HELENA — Montanans who say they spend hundreds of dollars a month on insulin spoke Monday in favor of a bill that would require insurance companies to cap their monthly copayment at $35 for the medication that helps them regulate their blood sugar and prevent dangerous health complications.
The cost of insulin has been rising rapidly for years, including tripling between 2002 and 2013, according to the American Medical Association, even though the drug is largely unchanged.
Two of Bri Runde’s six children have diabetes and she testified the cost of insulin is “outrageous.” Runde is hoping lawmakers get her and other families drowning in insulin costs some relief.
“Our boys cannot live without insulin and it feels as though the companies manufacturing it are taking full advantage of that,” she said.
Health insurance companies oppose the bill, saying it would not solve the problem that drives the high cost of insulin. Instead, it would spread the costs of insulin to all health insurance rate payers, driving up health insurance costs.
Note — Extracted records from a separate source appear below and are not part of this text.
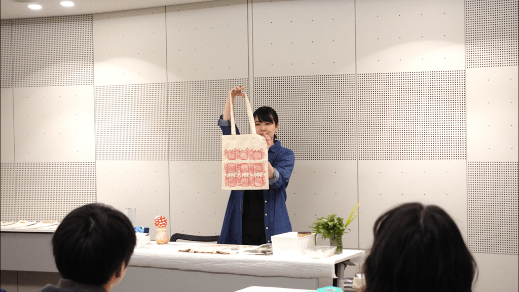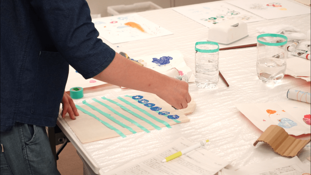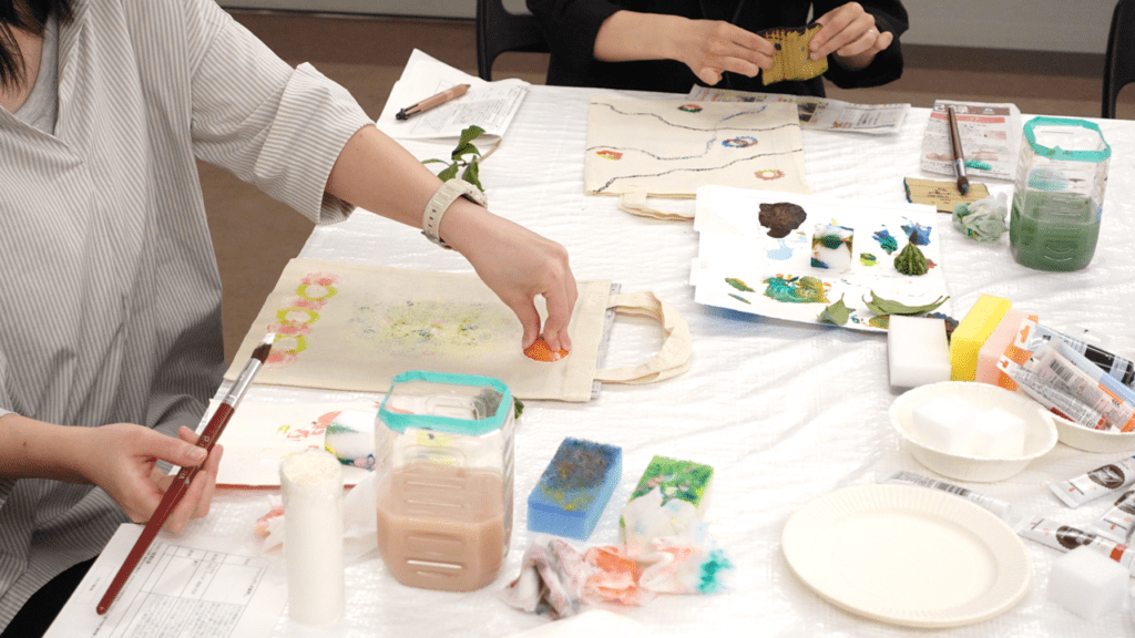 自然の素材と人工の物をスタンプにしてトートバッグを作るワークショップを企画しました。身近なものも、組み合わせや押し方を工夫すると素敵な模様やかたちが生まれます。その中から自分のお気に入りを選び、好きなものを連想しながら表現していきます。持ち運ぶことで自分の「好き」を伝えられるトートバッグが完成し、とてもワクワクした気持ちになりました。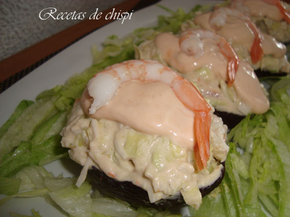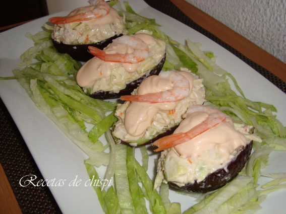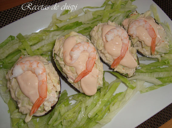 Con una cuchara rellenar los moldes de aguacate, poner por encima un poco de salsa y una gamba. Decorar con lechuga en juliana.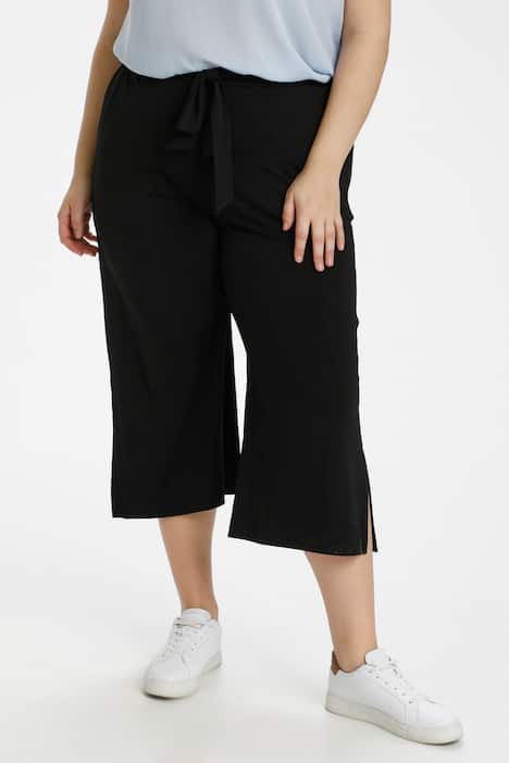 Diese Culotte bietet einen lässigen Schnitt, einen elastischen Bund und eine Zierschleife. Das weite Bein sorgt für Tragekomfort und Bewegungsfreiheit, ideal für Alltags- und Business-Outfits.

“This really is not an insurance problem. It’s a price problem. Why are drug companies raising the cost? Because they can and they will and this bill will not stop them,’ said John Doran, vice president of external affairs at Blue Cross and Blue Shield Montana, a health insurance provider.
“Invariably, the insurance companies still pay the top dollar, and the difference comes back to our consumers in the form of higher premiums,” said Doran.
Insurance company representatives testified that the bill would take the pressure off insulin manufacturers, who would continue to charge exorbitant prices for insulin but no longer face pressure to lower costs from the public.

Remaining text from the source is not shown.